The actual shape of the MSA is important, and to me, it would be better for it to be a catalysing, co-ordinating agency than an attempt to replace the national systems. It might be helpful in setting guiding norms: currently there are issues of co-ordination regarding standards and ports of refuge to give just two examples.
A more difficult question arises from that whether the EU should have its own seat at the IMO. Also, should the EU have a block vote on behalf of European countries in its own right at the IMO Assembly? This is a very contentious matter, and the idea is one which has little support amongst many European governments. So we are a little way off a United States of Europe in the maritime area for the moment at least.
The European Marine Safety Agency, once established, should perhaps see its role as a facilitator in addressing its currently agreed responsibilities. The Commission should move cautiously and enter discussions around added responsibilities with care. What we dont need is more regulation. The problem today is that companies fail to obey the current rules. Weve got plenty of rules: SOLAS, MARPOL, Classification theyre all in place, and we certainly do not need more. What we do need is for these processes to deliver what the label says on the tin.
Market perspective
There has been concern that the EU could end up with fewer flagged vessels. But I believe there is little evidence to support this.
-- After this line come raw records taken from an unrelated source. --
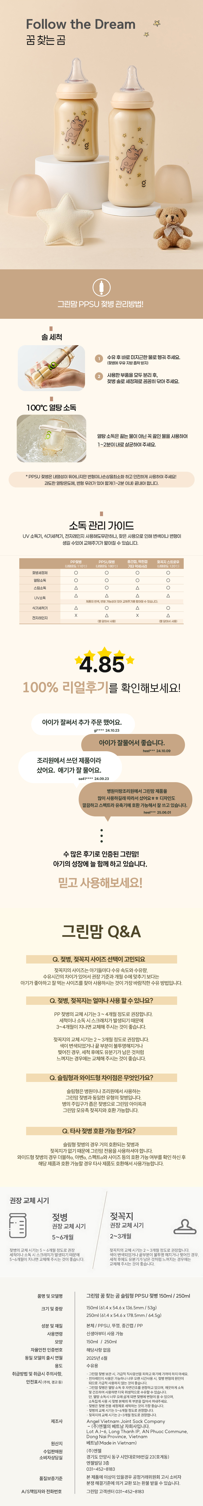 - 상품의 부자재 (젖병 인쇄 디자인, 스크류캡(중간캡), 막힌캡, 뚜껑색상, 포장케이스) 등은 회사 사정에 따라 변경 될 수 있으므료, 제품 불량으로 인정되지 않습니다.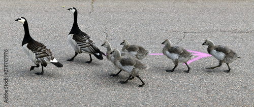 Fototapeta premium Family of Barnacle geese (Branta leucopsis) with chicks crossing road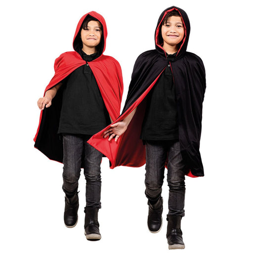Kostüm Kid Cape m. Kapuze Schwarz/Rot wendbar 115c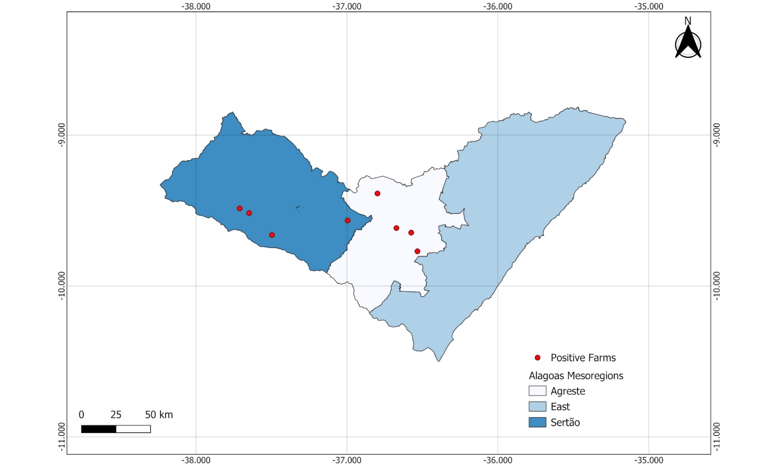 This research was approved by the Animal Use Ethics Committee of the Federal University of Alagoas (approval number: 04/2022). The minimum sample size was determined using the formula for simple random sampling, based on the following parameters: an expected prevalence of 50% (to maximize sample size), a 95% confidence level (z = 1.96), and a 5% margin of error. This resulted in a minimum required sample of 384 goats (Thrusfield, 2007). The locations and registrations of each property were obtained through local cooperatives. Seventeen farms located in eleven municipalities in the semi-arid region of Alagoas—Palmeira dos Índios, Estrela de Alagoas, Coité do Nóia, Arapiraca, Igaci, Limoeiro de Anadia, Major Isidoro, São José da Tapera, Piranhas, Pão de Açúcar, and Maravilha—were visited. The study included goats older than six months, regardless of sex or breed, raised on family farms where the owners consented to participate. Blood samples were collected exclusively from these animals. All goats present on each selected property were sampled. The collection occurred from September 2023 to August 2024. Blood was drawn from each goat, and after clotting, the resulting serum was transferred to microtubes and stored at −20 °C until serological testing.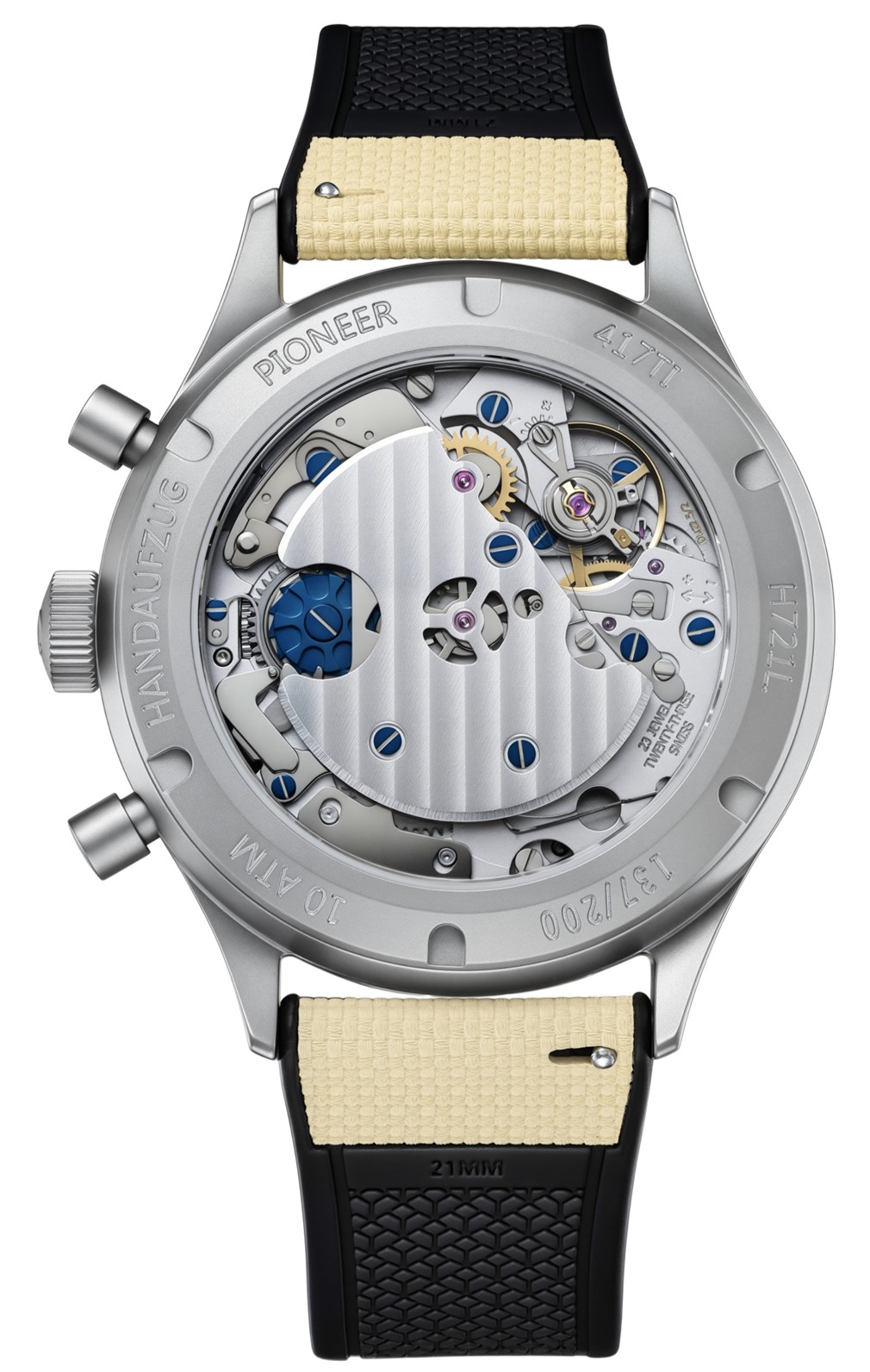内部には、フライバック機能を備えたコラムホイール式クロノグラフ、58 時間のパワーリザーブ、HANHART 基準の 0~+8 秒/日精度調整を備えた手巻きキャリバーAMT 5100が搭載されています。PRIMUS Desert Pilot からインスピレーションを得たこの新しいリミテッドエディションは、砂色のダイヤルやクリアで機能的な美しさといった特徴的なデザイン要素を採用しています。
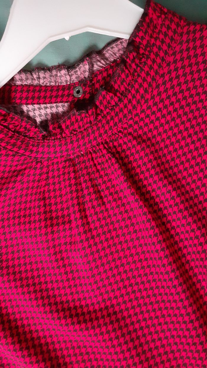 Vends un chemisier manches longues, en viscose, petit volant à la base, au col et aux poignets, couleur rouge avec petits motifs pied de poule noir, marque Pimkie, taille 42. Longueur de l'épaule à la base : 56 cm Largeur aisselle à aisselle : 52 cm.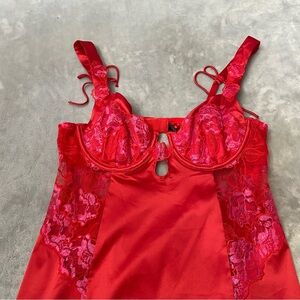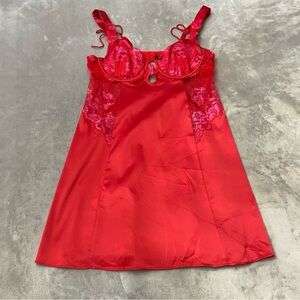 New! For Love and Lemons Red Cordelia Silky Satin Slip Dress 10970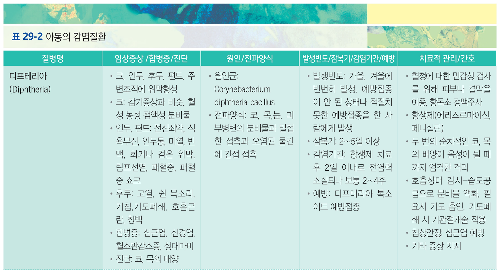 | 디프테리아 | 세균 | 인후통, 막 형성 | 기도 폐쇄 위험 |
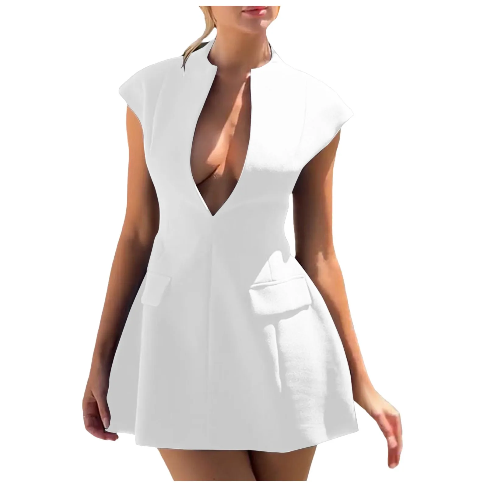Fashion Women's Casual Sexy Deep V Neck Sleeveless Suit Dress Without Pocket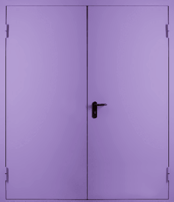 - Глухие двупольные огнестойкие двери состоят из коробки, двух полотен, внутренних наполнителей, деталей фурнитуры. Размеры зависят от места монтажа. Чаще всего их устанавливают на запасном эвакуационном входе, лестничной клетке, лифте, тамбуре. Поэтому конструкция имеет нестандартные параметры.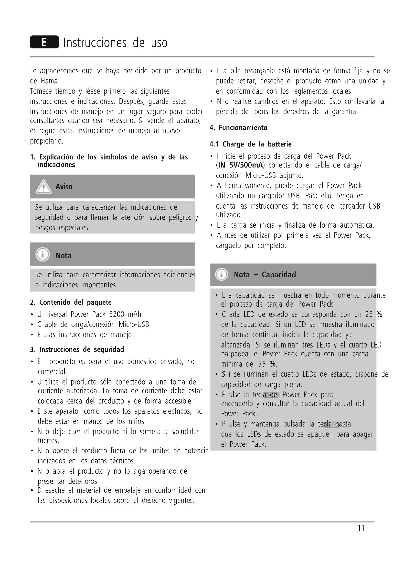 Consumo de corriente máx. 500 mA Tensión del Power Pack 5 V DC Indicación de capacidad : 5200 mAh min. capacidad : 5000 mAh Salida de corriente máx. 2100 mA Rango de temperatura0°C – 45 °C Tipo de pila Polímero de ion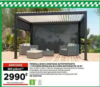 Dim - pergola biocimatique autoportante + 3 stores prima en au gris anthracite 12 m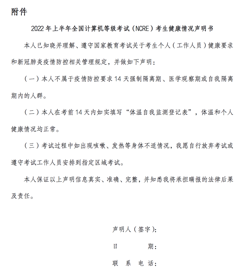 《2022年上半年全國計算機等級考試(NCRE)考生健康情況聲明書》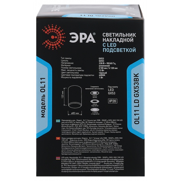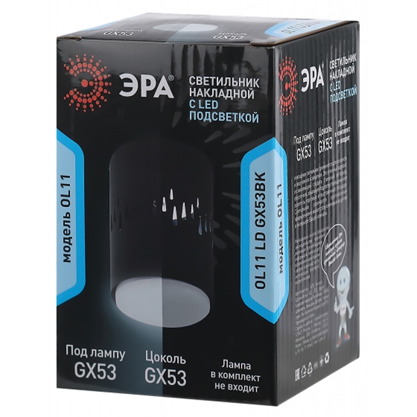 Светильник направленного света с подсветкой, накладного монтажа ЭРА под лампу с цоколем GX53 максимальной мощностью 15 Ватт, цвет черный Б0050270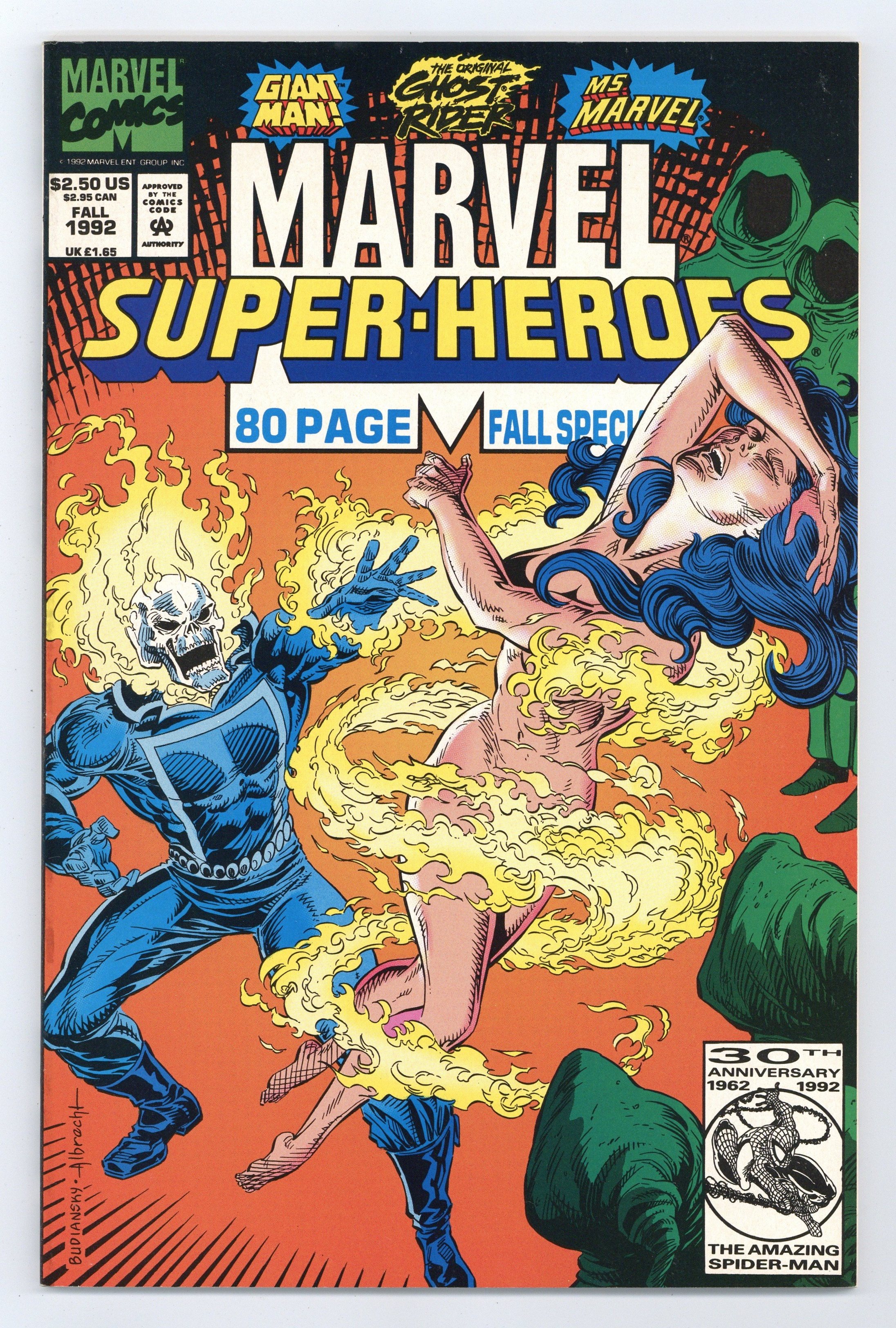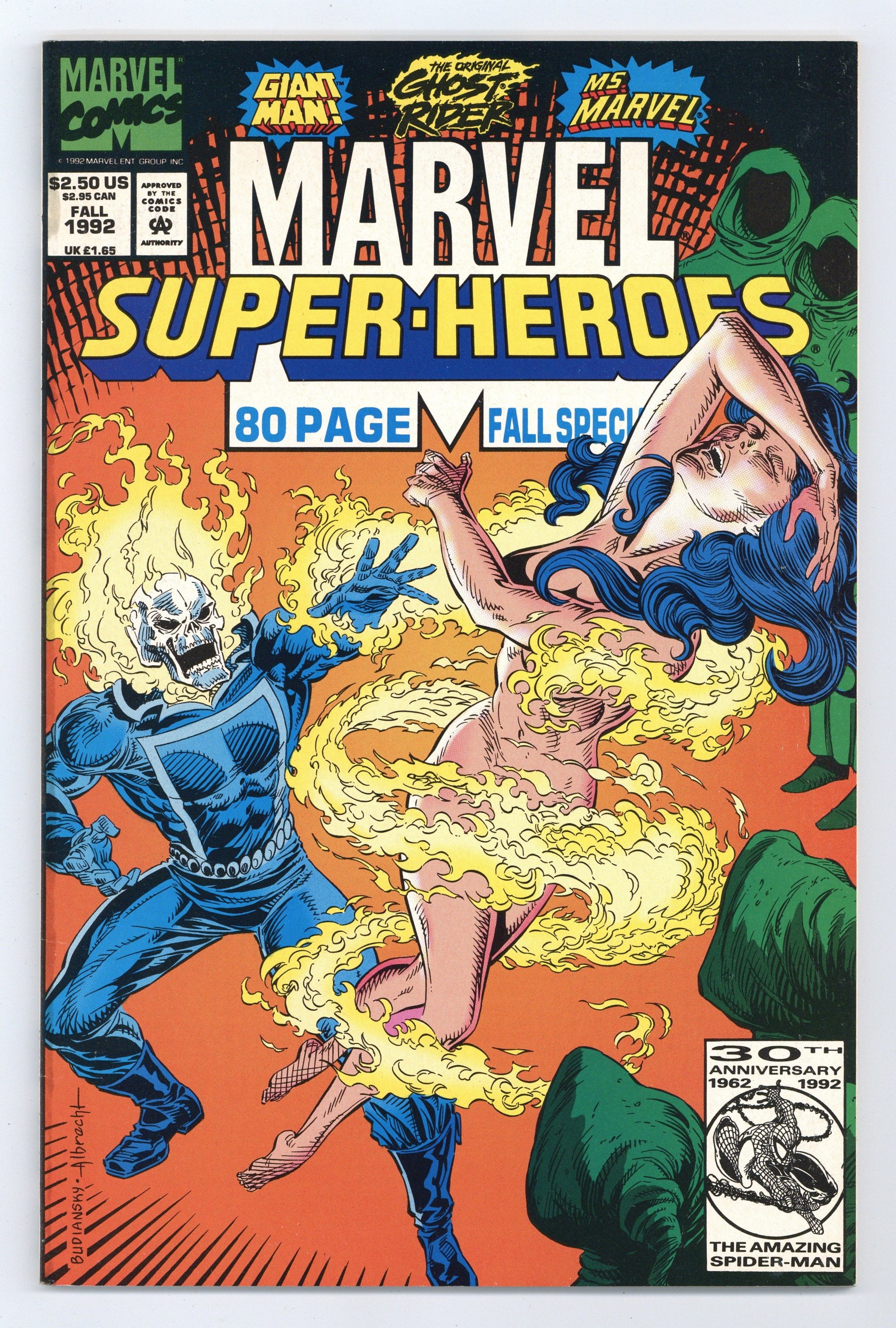 Previously unpublished issue #25 of the Ms. Marvel (1st series). Originally written and drawn in 1979 (with several pages of new material). First chronological appearance of Rogue. "Cry, Vengeance!" Script by Chris Claremont. Art by Mike Vosburg. To find the killer of her dear friend, Carol Danvers travels all the way to Hong Kong! But upon her arrival, Ms. Marvel finds herself caught between a rock and a hard place: the Hellfire Club and the Brotherhood of Evil Mutants! Wow, an all-star cast of X-villains! However with great skill and determination, Ms. Marvel survives her Asian adventure! But when she returns home to San Francisco (after the events of Avengers 200), her first and final battle vs. Rogue begins! Sadly, sometimes the good guys don't win. A heartbreaking end for Ms. Marvel. Appearances by Mystique, Destiny, Rogue. Pyro, Avalanche, Sebastian Shaw, Harry Leland, Donald Pierce, and Tessa. Cameo appearances by Iron Man, Spider-Woman, Wolverine, and Storm. (Notes: Carol Danvers story continues in Avengers Annual 10. The added material was scripted by Simon Furman and drawn by Mike Gustovich.) Second story: "Not to Touch the Earth!" Guest-starring Bill Foster as Giant Man. Plot by Jim Shooter. Script by Dwayne McDuffie. Pencils by Bob Budiansky and Don Hudson. Inks by Manny Manos and Chris Ivy. Giant Man battles a new villain who has the power to levitate! Third story: "Fireworks!" Guest-starring Ghost Rider (aka Johnny Blaze). Script by Tina Chrioproces. Pencils by Greg LaRocque. Inks by Vince Colletta. Johnny Blaze and Red Fowler roll into a small town and get mixed up with a dangerous survivalist colony! And the only way out...is to unleash the Ghost Rider! Fourth feature: Pin-up of Ms. Marvel and Mystique by Mike Vosburg. (Note: Cover by Bob Budiansky and Jeffrey Albrecht.) 80 pages. Cover price $2.50.

It was evident after the Erika incident that a large number of substandard ships migrated away from some parts of Europe and went elsewhere, which is an issue for multinational companies like us. We dont want to do business with these ships anywhere. But the market today is transparent right across the globe. In any case, most of the oil-market segments are over-supplied with huge ship building programmes. The market is going through one of its worst periods in over 10 years. So, in a sense, the discussion is slightly academic.
Cabotage restrictions
A more significant problem is the cabotage rules in Europe. The Commission has these firmly in its sights, but there are some very unusual cabotage restrictions which preserve low-quality coastal operations in some European countries. We have seen, from the Erika case and others, that small ships can cause just as much damage as VLCCs, and coastal traffic falls squarely into this category. These cabotage restrictions also protect all tonnage not covered by IMO rules. We are very concerned, as are classification societies, about these cabotage-protected fleets. Theyre not good in an economic sense. They dont promote safety and theres always the risk of a sub-standard coastal vessel colliding with an international vessel. So again this is a matter for urgent international discussion.
In essence, though, I feel that the EC proposals are a catalyst to positive change, and will certainly help smooth the way for maritime nations entering the Union as part of its proposed expansion. However success will be measured by the extent to which international solutions are identified and fostered the environment, after all, does not recognise political boundaries.